Two days after Olmert’s tete-

à-tete with Bush, Palestinian Authority President Mahmoud Abbas proclaimed to the international press that he would call a referendum on a proposal for a Palestinian state that would recognize Israel, if the governing Hamas party failed to accept the plan within 10 days.

Abbas is a marginalized figure within his own government and among his own people. But despite this, all it took was for the Palestinian to say a few magic words and a great deal of the air went out of Olmert’s post-Washington summit balloon.

What Abbas did was endorse a so-called peace plan hatched by a committee of members of Hamas and Abbas’s Fatah movement currently serving lengthy terms in Israeli prisons for terrorist murders. But despite the fact that they could draft it at their leisure, all the prisoners did was adopt a similar “peace” plan floated by the Saudis in 2002.

The Saudi plan was a diplomatic hoax launched in order to counter all the bad press they were receiving in the months after 9/11. With the help of The New York Times’s Thomas Friedman, who trumpeted the scheme as a scoop in his column, the Saudis managed to convince some Americans that a plan that called for Israel to pull back to the 1949 armistice lines, accept the Palestinian “right of return,” which would destroy it as a Jewish state, in exchange for de facto recognition, was a step toward peace rather than more war.

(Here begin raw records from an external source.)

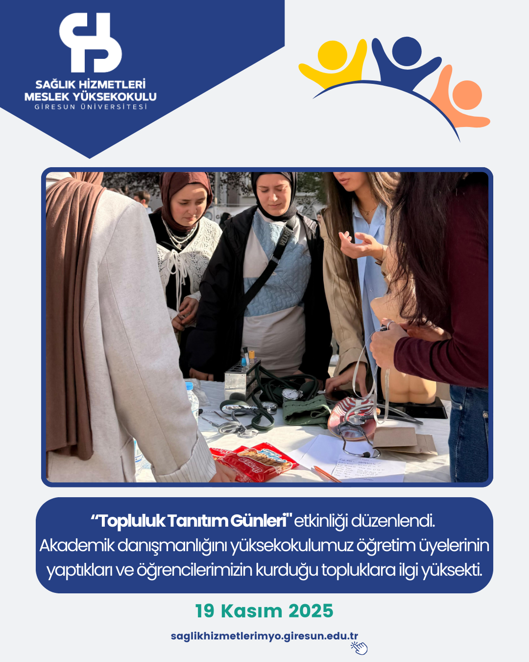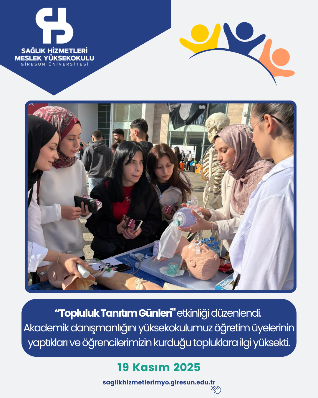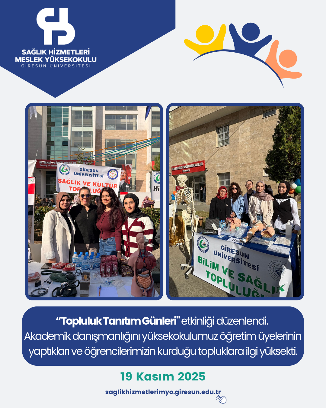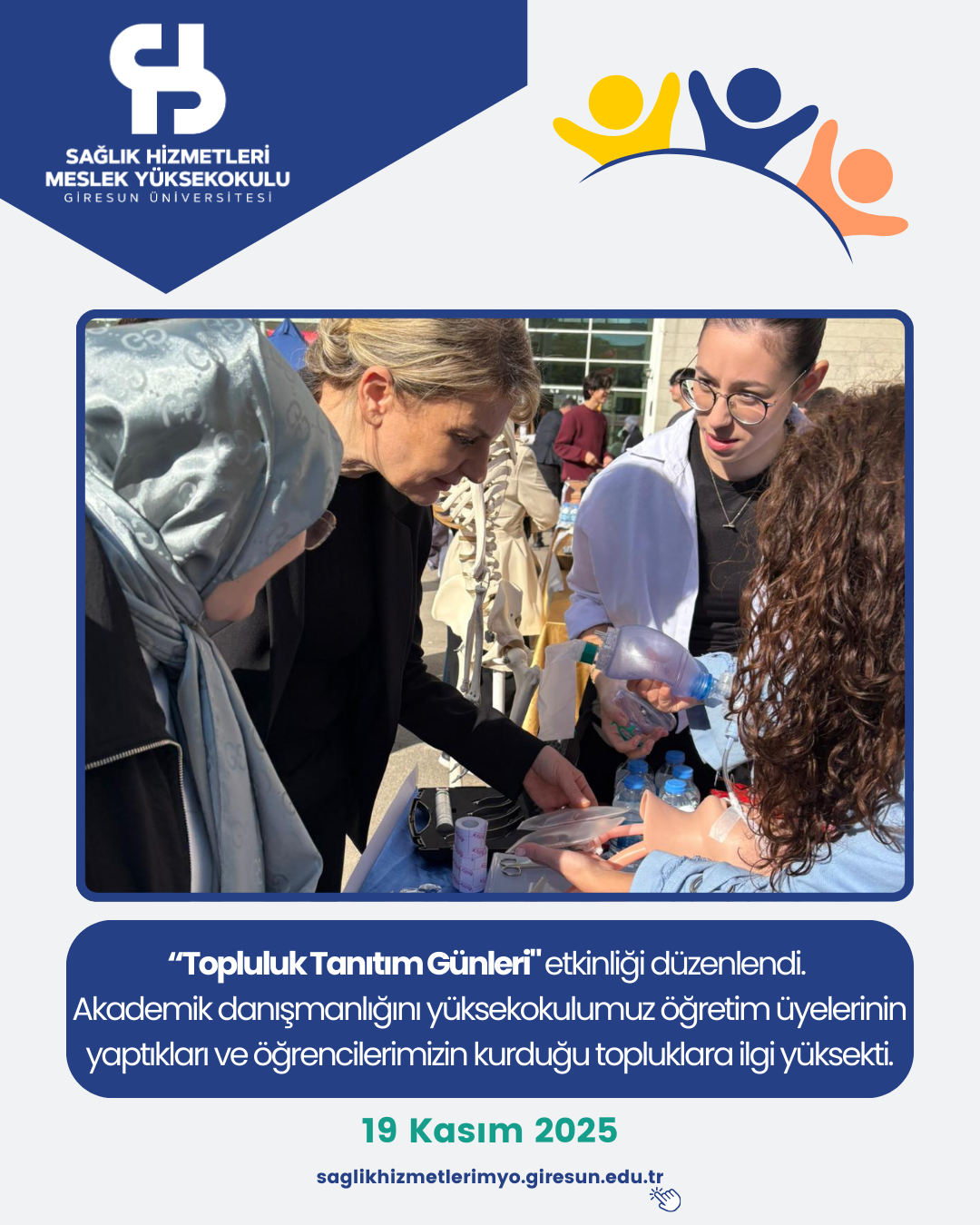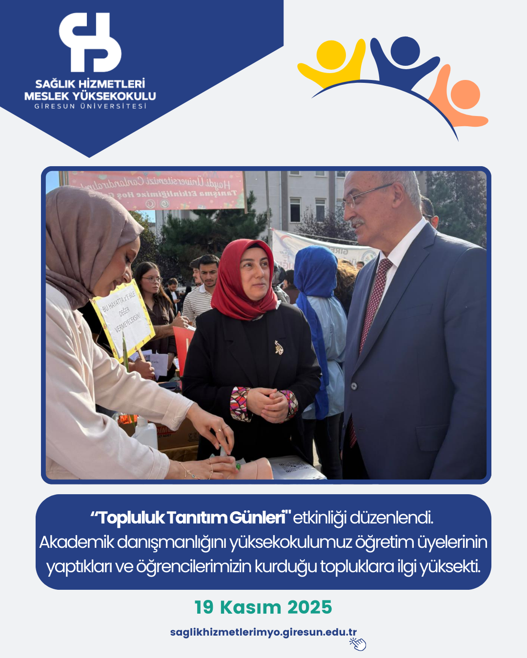Sağlık Hizmetleri Meslek Yüksekokulu Müdürlüğü, topluluk faaliyetlerinin öğrencilerimizin mesleki, sosyal ve kültürel gelişimlerine önemli katkı sunduğunu vurgulayarak, Topluluk Tanıtım Günleri etkinliğinde görev alan tüm akademik danışmanlara ve öğrencilerimize teşekkür etti.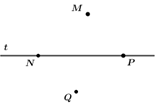 a) Vẽ đường thẳng \(t\). Vẽ \(M \notin t,\,\,N \in t,\,\,P \in t,\,\,Q \notin t\).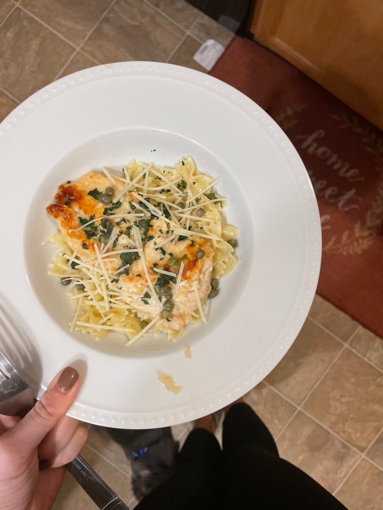 I love a delicious lemon-caper sauce pasta. The Cheesecake Factory’s chicken piccata is one of my faves! And I’ve never been a big football fan, but I’ve been learning a lot this year since my boyfriend is part of a fantasy league.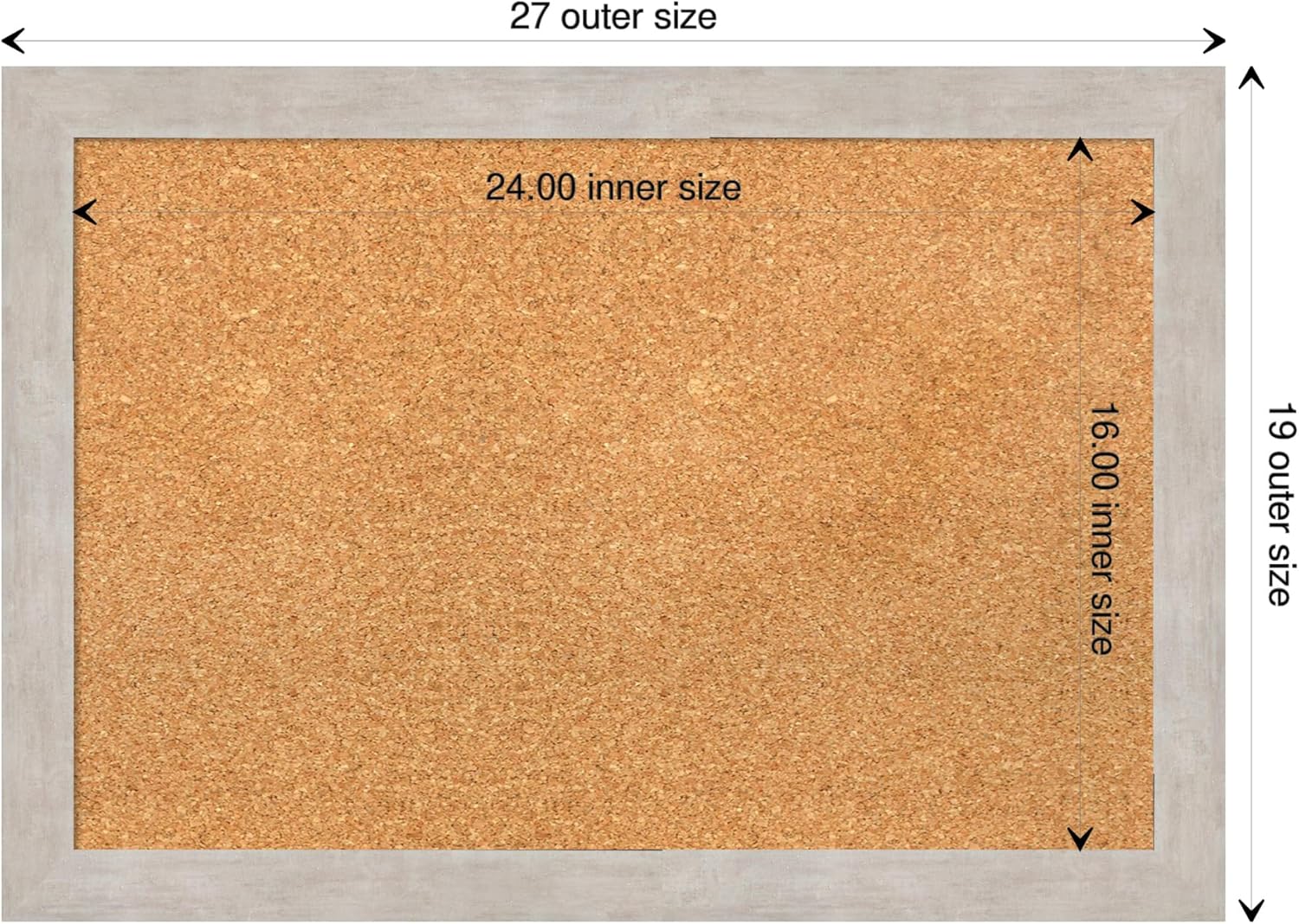 - DIMENSIONS: The overall size of this framed corkboard measures 27 in. x 19 in., including the frame. Its functional cork board area measures 24 in. x 16 in.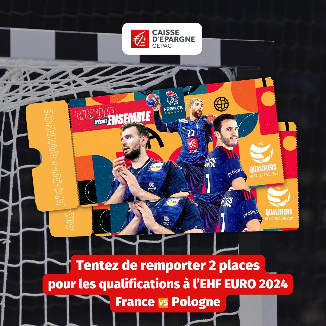 #EHFEURO2024 🤾 | Partenaire de la @ffhandball, @CE_CEPAC vous offre l'opportunité de gagner 2 places pour le match 🇫🇷 🆚 🇵🇱 à l'@ArenaAix pour les qualifications à l’@ehfeuro 2024 ✨ Pour jouer, il suffit de 👇 🔁 RT ce post ✅ Suivre la @CE_CEPAC ⚠ Être disponible le 11/03

Israel rightly rejected the idea at the time and will, no doubt, do so again. But that didn’t stop the international press, as well as some American Jewish “peace” activists from touting it not only as a sign of Abbas’s moderation but as a real opening for peace that ought to trump Olmert’s unilateralism.

It isn’t clear that Abbas’s gambit will afford him more than a momentary tactical advantage against both Hamas and Olmert. But what it does illustrate is how precarious Olmert’s hold on international goodwill is.

After all, the price he had to pay for the warm reception he got at the White House was to agree to stop telling the world that Abbas was not a negotiating partner and had proved that he wasn’t interested in progress toward peace. But Abbas, despite his unwillingness to use any of the considerable force at his disposal to stop attacks against Israel, can still count on more support here than Olmert seems to understand.

Olmert is acting as if his plans will carry the day, no matter what else happens. Those of us who believe that any democratically elected leader of Israel is entitled to more than the benefit of the doubt hope he is right. But Israelis ought to care about the reason why, against all reason, Abbas is still sitting in the proverbial catbird seat when it comes to leverage in Washington.

First, despite George W. Bush’s obvious and genuine affection for the State of Israel and the much-vaunted power of the Israel “lobby,” Washington still has bigger fish to fry than Olmert’s ambitions for a relatively quick resolution to Israel’s problems in the territories.